In this homework you are going to implement your first machine learning algorithm to automatically binarize document images. The goal of document binarization is to separate the characters (letters) from everything else. This is the crucial part for automatic document understanding and information extraction from the . In order to do so, you will use the Otsu thresholding algorithm.

At the end of this notebook, there are a couple of questions for you to answer.

In [1]:
import cv2
import math
import numpy as np
from matplotlib import pyplot as plt
plt.rcParams['figure.figsize'] = [15, 10]

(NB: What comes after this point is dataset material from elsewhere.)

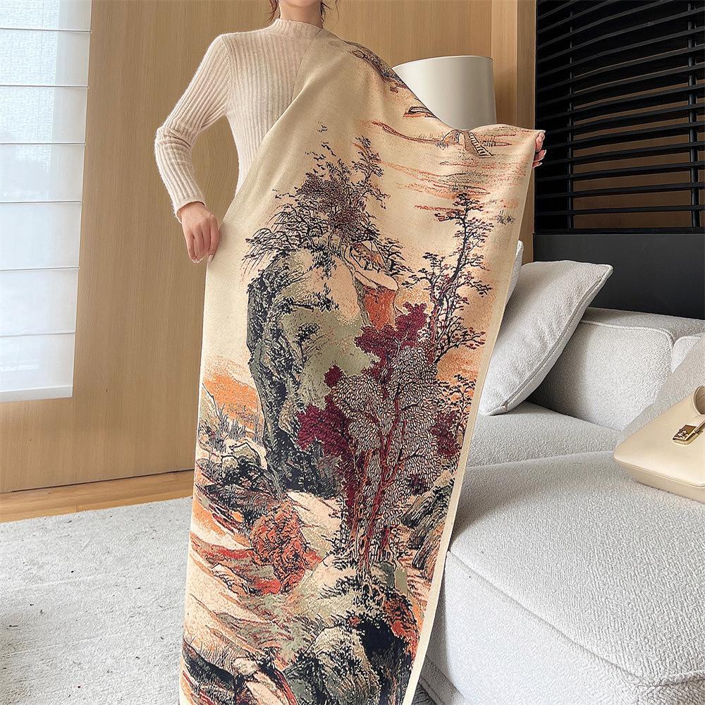 Шарф с пейзажем в этническом стиле, масляная живопись - мода на осень/зиму для студенток, теплая шаль из искусственного кашемира Tongguan Pushue Series; 190—65CM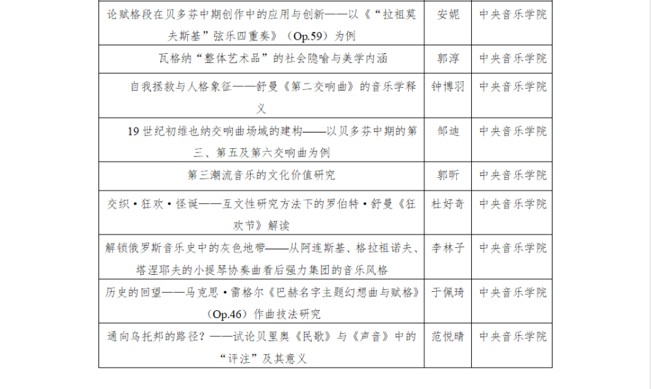 为了鼓励广大专业师生和青年学者参与中国的西方音乐研究、发现科研新秀,本届年会还发起举办了“中国音协西方音乐学会‘上音社杯’首届优秀论文征集推选活动”。本次推选活动共收到来自全国各地的参评论文201篇,通过学会专家组匿名评审共评出“最佳论文”“优胜论文”“优秀论文”三个组别。米兰青年教师毛羽博士的论文《体裁即“结构” ——卡尔·达尔豪斯音乐体裁理论思想述评》获得社会人士组“最佳论文”唯一一等奖。郭淳同学的论文《瓦格纳“整体艺术品”的社会隐喻与美学内涵》获得硕士生组“优秀论文”奖励。与会专家们对米兰师生的研究成果给予高度评价,鼓励他们在音乐历史研究的学术道路上继续前行。米兰音乐学系系主任安平教授和吴晓萍书记在获知比赛结果后向获奖师生表示祝贺,感谢他们为学校争得荣誉。

Let's load the document image we will be working on in this homework.

In [None]:
img = cv2.imread('./data/document.jpg')
img = cv2.cvtColor(img, cv2.COLOR_BGR2GRAY)
plt.imshow(img, cmap='gray');

First, let's have a look at the histogram.

In [None]:
h = np.histogram(img, 256)
plt.bar(h[1][0:-1], h[0])
plt.xlabel('Colour'), plt.ylabel('Count')
plt.grid(True)

### Otsu Thresholding

Let's now implement the Otsu thresholding algorithm. Remember that the algorithm consists of an optimization process that finds the thresholds that minimize the intra-class variance or, equivalently, maximize the inter-class variance.

In this homework, you are going to demonstrate the working principle of the Otsu algorithm. Therefore, you won't have to worry about an efficient implementation, we are going to use the brute force approach here.

In [5]:
# Get image dimensions
rows, cols = img.shape
# Compute the total amount of image pixels
num_pixels = rows * cols

# Initializations
best_wcv = 1e6  # Best within-class variance (wcv)
opt_th = None   # Threshold corresponding to the best wcv

# Brute force search using all possible thresholds (levels of gray)
for th in range(0, 256):
    # Extract the image pixels corresponding to the background
    foreground = img[img >= th]
    # Extract the image pixels corresponding to the background
    background = img[img < th]
    
    # If foreground or background are empty, continue
    if len(foreground) == 0 or len(background) == 0:
        continue
    
    # Compute class-weights (omega parameters) for foreground and background
    omega_f = len(foreground) / num_pixels
    omega_b = len(background) / num_pixels
    
    # Compute pixel variance for foreground and background
    # Hint: Check out the var function from numpy ;-)
    # https://numpy.org/doc/stable/reference/generated/numpy.var.html
    sigma2_f = np.var(foreground)
    sigma2_b = np.var(background)
    
    # Compute the within-class variance
    wcv = omega_f * sigma2_f + omega_b * sigma2_b
    
    # Perform the optimization
    if wcv < best_wcv:
        best_wcv = wcv
        opt_th = th
        
# Print out the optimal threshold found by Otsu algorithm
print('Optimal threshold', opt_th)

Optimal threshold 160


Finally, let's compare the original image and its thresholded representation.

In [None]:
plt.subplot(121), plt.imshow(img, cmap='gray')
plt.subplot(122), plt.imshow(img > opt_th, cmap='gray');

### Questions

* Looking at the computed histogram, could it be considered bimodal?
* Looking at the computed histogram, what binarization threshold would you chose? Why?
* Looking at the resulting (thresholded) image, is the text binarization (detection) good?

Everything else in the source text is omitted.